Just one quick note about your second point - the shape of the chest itself doesn't actually factor into the ellipse we use for figuring out how the lid opens. The reason it's an ellipse is actually completely independent of the box/chest itself.

Rather, it has to do with the fact that we're rotating something around an axis. What is being rotated is the edge of the lid, along the axis defined by the hinges. Those are the only parts that matter - the rest of the chest could be as long or as tall as you'd like, but all we care about is the fact that we're rotating a distance (the edge of the lid) is what creates a circle in 3D space, with the length of that edge as its radius. Here's what I mean (though excuse the sloppy drawing and accidental swastika). No matter how far the lid opens, the tip of that edge will always fall on the given circle.

##### 4:40 AM, Thursday November 4th 2021 edited at 10:38 AM, Nov 4th 2021

I see, there's one thing still bugging me, how do you illustrate the length of the lid when it's being rotated along the axis if the box is longer than its height? Is there a tool for this?

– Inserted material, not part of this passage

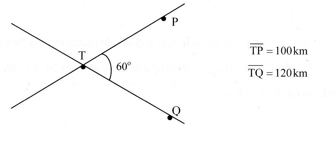 Duas estradas retas se encotram em um entroncamento T, formando um ângulo de 60°.Uma das estradas passa pela cidade P, que dista 100km de T e a outra passa pela cidade Q, que dista 120km de T, conforme ilustra a figura seguinte.Sabendo que no instante t=0 o carro A passa por P a 72km/h em direção a T, o carro B passa por Q a 96km/h também em direção a T, pede-se determinar, após exatamente 50 minutos:

edited at 10:38 AM, Nov 4th 2021
##### 6:31 PM, Friday November 5th 2021

I'm honestly still a little confused by what you're asking, because I don't really see why the relationship between the length/height would be relevant.

There are three aspects of the lid that we need to determine, once it has been rotated in space:

• Its depth - so the distance from the front of the lid to the back of the lid. This is the edge we're rotating in the first place, so we maintain that distance by drawing an ellipse that represents a circle in 3D space, with the axis defined by the hinges serving as the ellipse's minor axis.

• Its height. I eyeballed this in the video demo for the challenge, but to be more precise, you'd just repeat the step for the depth, but for the top-side edge (where for the depth we used the bottom-side edge). If your lid isn't a simple box (and therefore might not have a top-side edge), you'd just end up using a box to figure out the correct rotation, then build whatever fancy lid inside of it.

• Its length - so the distance from one side to the other. This is achieved by simply repeating the same process on the other side. You'll see in the demo video that while I eyeballed the height (instead of adding two ellipses on either side), I did place an ellipse on both sides.

So, in essence, all three dimensions of the rotated lid can be determined by applying the same ellipse/circle based approach, and none of this has anything to do with the chest's height. The only dimension of the chest that actually matters here is the depth, since the depth is what becomes the radius of each of these circles in 3D space.

##### 3:32 PM, Wednesday November 10th 2021

Ah, alright. I'm just wondering if there's a more precise way to draw a square around the minor axis that can work for chests of any dimension (chests with long/short depth), so I can draw a more precise ellipse. Since the depth is converging to the "horizontal" vanishing point, how do you measure the height part of the square, which is vertical?